FD: If we look at medical education, and if we look at the challenges that are to come, both in our population and in primary care, we have a scarcity of workforce, we have a severely stretched workforce as it is, and we have an aging population in many countries.

Then there are additional influences on the health care system, be it either politically or by a pandemic, which stretches our workforce even further. And then to top it off, we train our medical graduates for more than a decade to be competitive, to go into a selection process, to always give 110% to, reduce their personal well-being just so they can pass an exam. It gets to a level where it is very threatening to the person him or herself, because life happens at the same time. And people forget about life happening at the same time. And we have a big problem with people dropping out. We have a big problem of people not working full time. We have a big issue with people being overworked or going into burnout. And we will have an even bigger problem, if all this is taken together and extrapolated for the next 2 or 3 decades. So I think this is a change that we need to go through as a society, but also especially as doctors, because we train each other in a way to forget about ourselves during that training.

If you speak to doctors, a very few have found this sweet spot and are content. Very many are very frustrated, very overworked, and feel like they’re being pushed around by bureaucracy, by patients, by standards that they have to uphold. And a lot feel they have very little self-efficacy in their daily lives. And that’s something that we need to change.
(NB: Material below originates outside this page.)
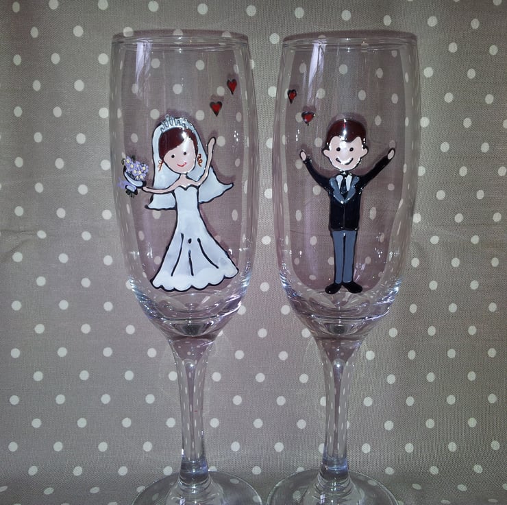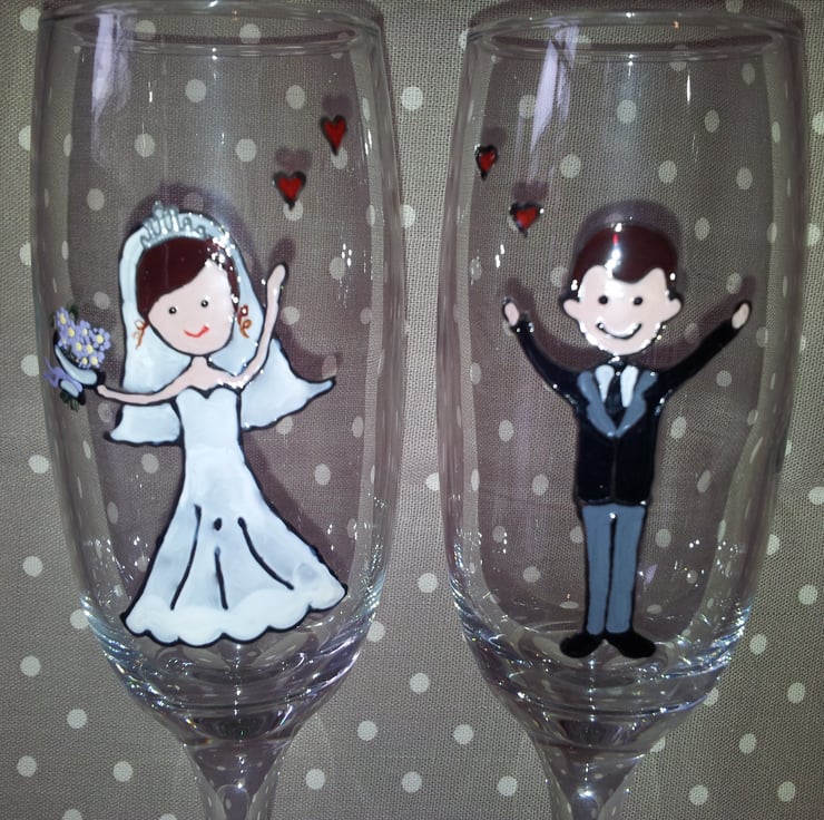 These glasses would make a lovely unique gift for the ‘happy couple’. They can be personalised in any way for example hair colour, two grooms, two brides. You can also have a name or the date on the base of the glass. Please message me with any special requirements.

There are many different things we have to change and I think the cultural change towards wellbeing, and making this a key element of our future curricula, is one of the key elements that we need to address, especially as an organization. It requires organizational changes, personal changes, but there needs to be a cultural change in how we see doctors and being a doctor.

DMacA: Thank you very much. That’s a wonderful message to end on- the wellbeing of doctors. Thank you very much indeed.

“Very many are very frustrated, very overworked, and feel like they’re being pushed around by bureaucracy, by patients, by standards that they have to uphold. And a lot feel they have very little self-efficacy in their daily lives. And that’s something that we need to change… It requires organizational changes, personal changes, but there needs to be a cultural change in how we see doctors and being a doctor.”